# Library Coq.Reals.Rtrigo

Require Import Rbase.
Require Import Rfunctions.
Require Import SeqSeries.
Require Export Rtrigo_fun.
Require Export Rtrigo_def.
Require Export Rtrigo_alt.
Require Export Cos_rel.
Require Export Cos_plus.
Require Import ZArith_base.
Require Import Zcomplements.
Require Import Classical_Prop.
Local Open Scope nat_scope.
Local Open Scope R_scope.

sin_PI2 is the only remaining axiom
Axiom sin_PI2 : sin (PI / 2) = 1.

Lemma PI_neq0 : PI <> 0.

Lemma cos_minus : forall x y:R, cos (x - y) = cos x * cos y + sin x * sin y.

Lemma sin2_cos2 : forall x:R, Rsqr (sin x) + Rsqr (cos x) = 1.

Lemma cos2 : forall x:R, Rsqr (cos x) = 1 - Rsqr (sin x).

Lemma cos_PI2 : cos (PI / 2) = 0.

Lemma cos_PI : cos PI = -1.

Lemma sin_PI : sin PI = 0.

Lemma neg_cos : forall x:R, cos (x + PI) = - cos x.
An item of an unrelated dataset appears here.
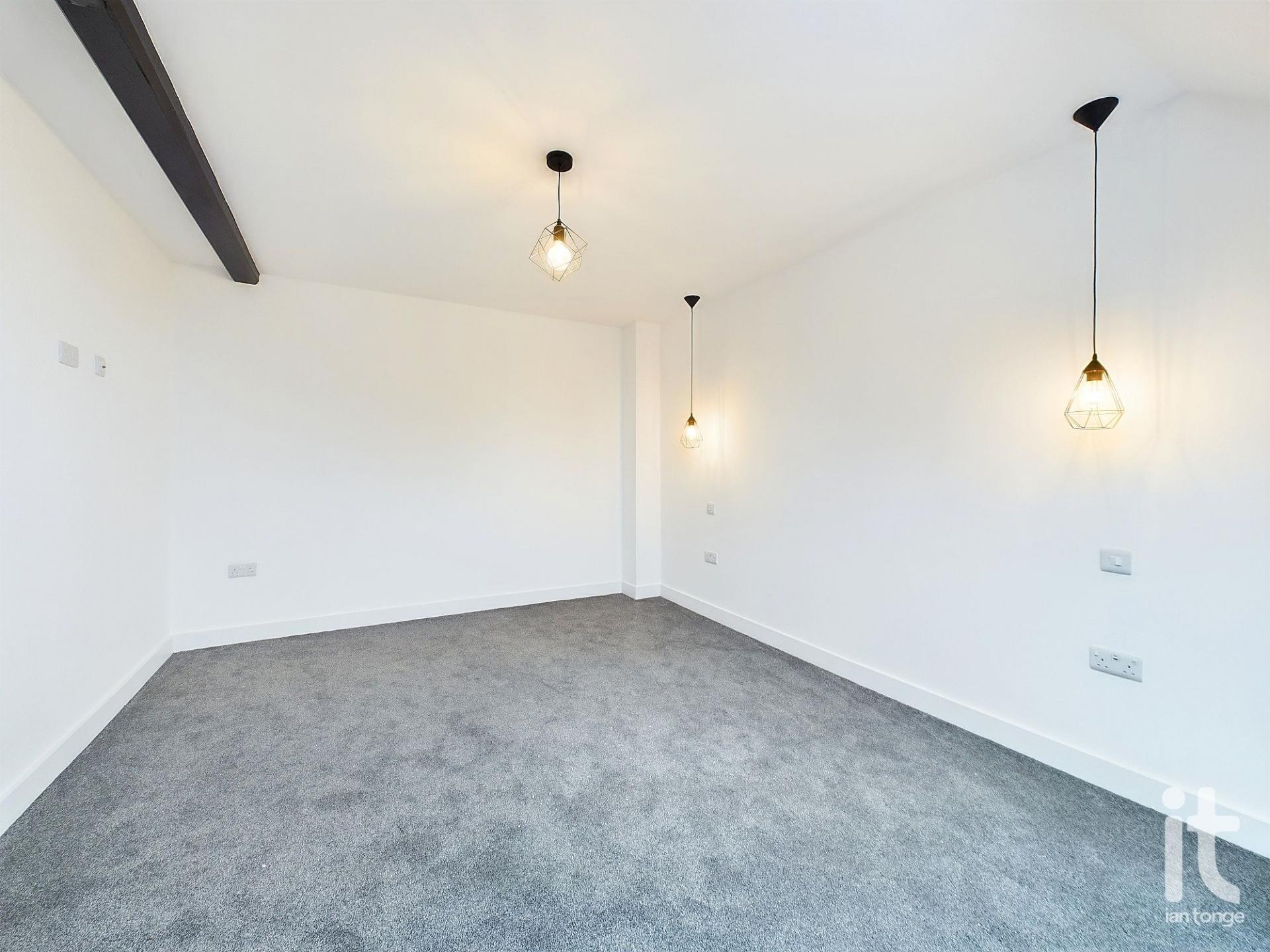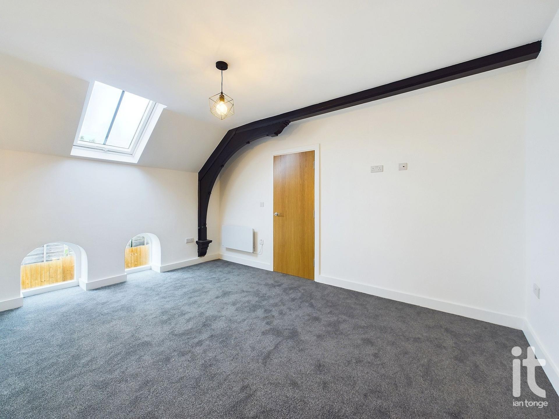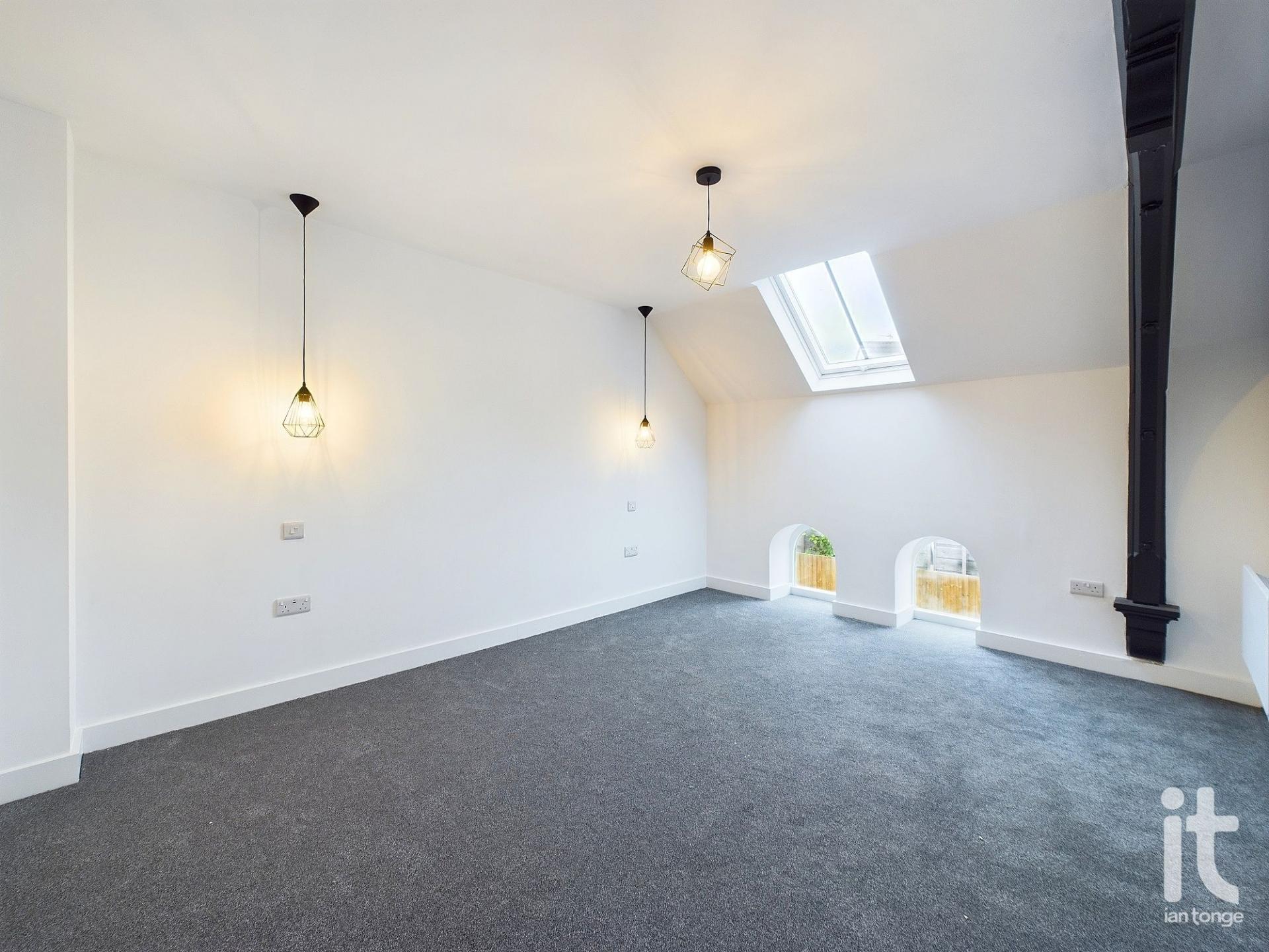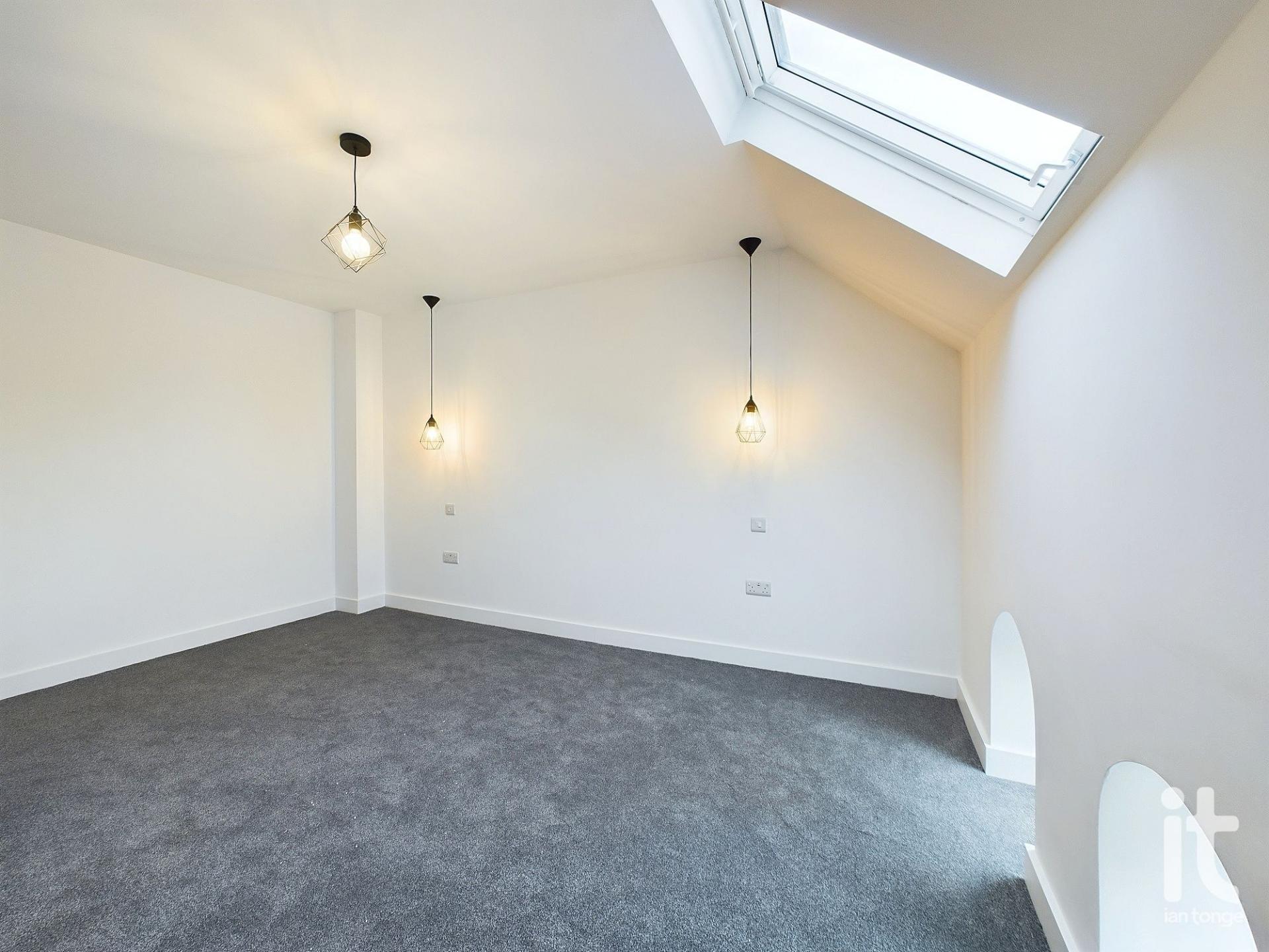 Large uPVC double glazed Velux window with small decorative uPVC double glazed window below. New carpet, electric radiator, three ceiling pendant lights and tv point.

Lemma sin_cos : forall x:R, sin x = - cos (PI / 2 + x).

Lemma sin_plus : forall x y:R, sin (x + y) = sin x * cos y + cos x * sin y.

Lemma sin_minus : forall x y:R, sin (x - y) = sin x * cos y - cos x * sin y.

Definition tan (x:R) : R := sin x / cos x.

Lemma tan_plus :
forall x y:R,
cos x <> 0 ->
cos y <> 0 ->
cos (x + y) <> 0 ->
1 - tan x * tan y <> 0 ->
tan (x + y) = (tan x + tan y) / (1 - tan x * tan y).

# Some properties of cos, sin and tan

Lemma sin2 : forall x:R, Rsqr (sin x) = 1 - Rsqr (cos x).

Lemma sin_2a : forall x:R, sin (2 * x) = 2 * sin x * cos x.

Lemma cos_2a : forall x:R, cos (2 * x) = cos x * cos x - sin x * sin x.

Lemma cos_2a_cos : forall x:R, cos (2 * x) = 2 * cos x * cos x - 1.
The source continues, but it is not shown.